The last eukaryotic common ancestor was a remarkably complex cell with motile cilia built on a typical 9+2 microtubule array, capable of gliding motility, beating motility, and display of sensory receptors. Genomic, metagenomic, and transcriptomic sequence analyses have revealed that most of the proteins present in cilia today were also present in this common ancestor, pushing the initial evolution of cilia into the interval between divergence of eukaryotes from archaeal prokaryotes and divergence of extant eukaryotic clades beginning about one billion years ago.

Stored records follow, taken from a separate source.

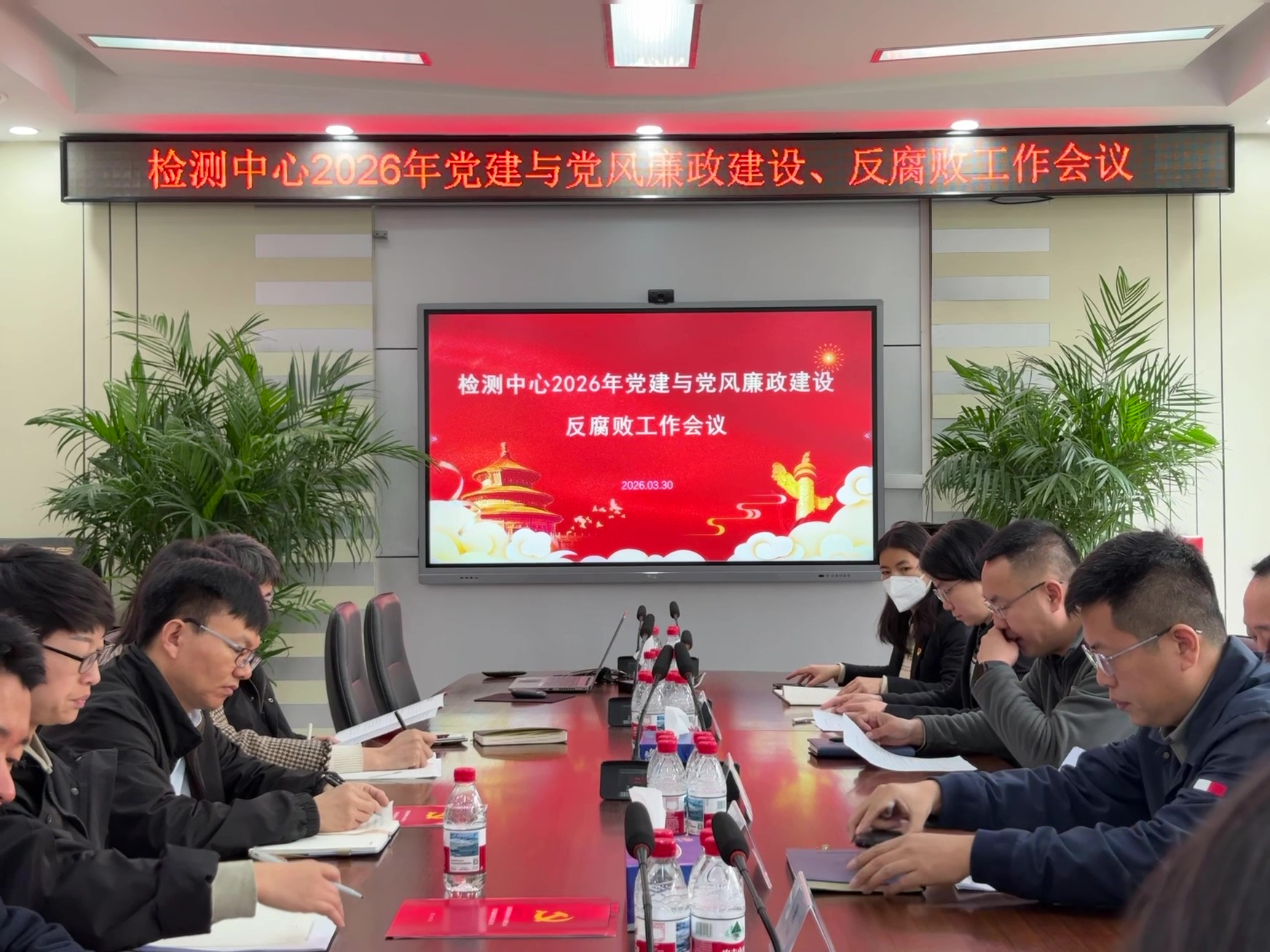 3月30日,检测中心召开2026年党建与党风廉政建设、反腐败工作会议,总结2025年党建与党风廉政建设工作,部署2026年重点任务,开展警示教育。检测中心领导班子成员出席会议。会议由检测中心党委副书记、总经理胡家僖主持。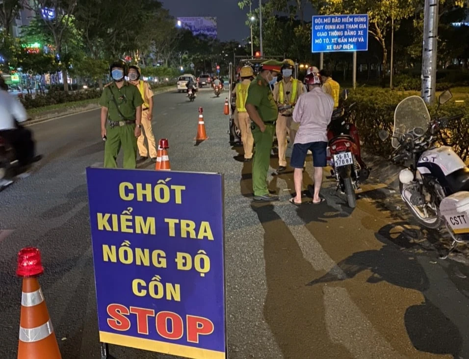 Công an TP Thủ Đức xử lý vi phạm giao thông trong dịp cao điểm Tết nguyên đán. Ảnh: CM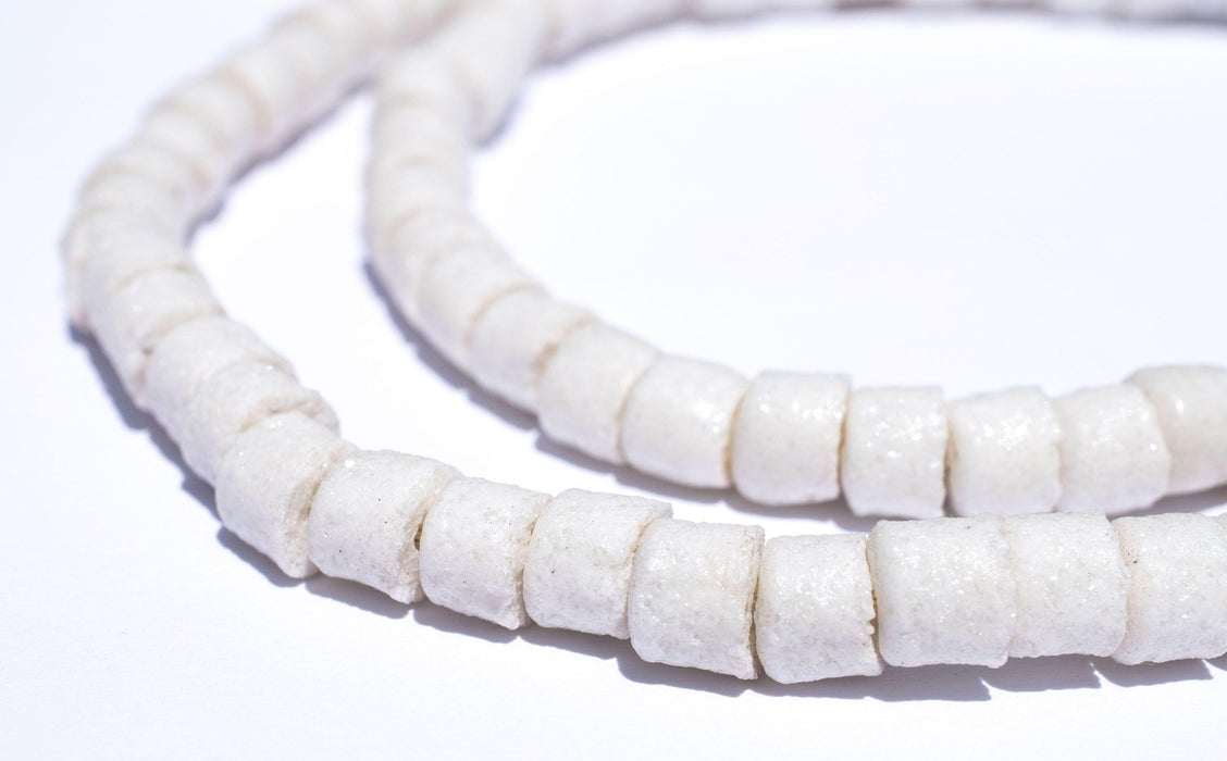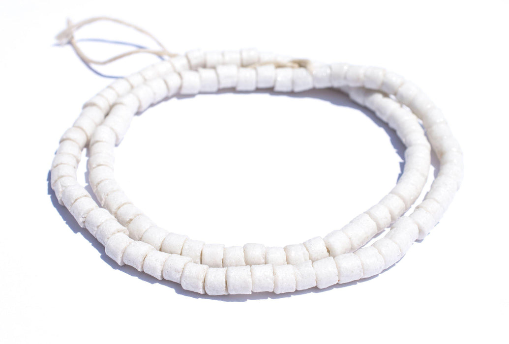 White Sandcast Cylinder Beads

Diversification into modern organisms may be traced by relatively subtle changes in ciliary architecture but by more radical changes in regulation of bending patterns and by many instances of reduction or loss of cilia. Ciliary based signaling through sensory receptors, although present ancestrally, has shown the greatest clade- and cell-type-specific expansion in the repertoire of these versatile organelles.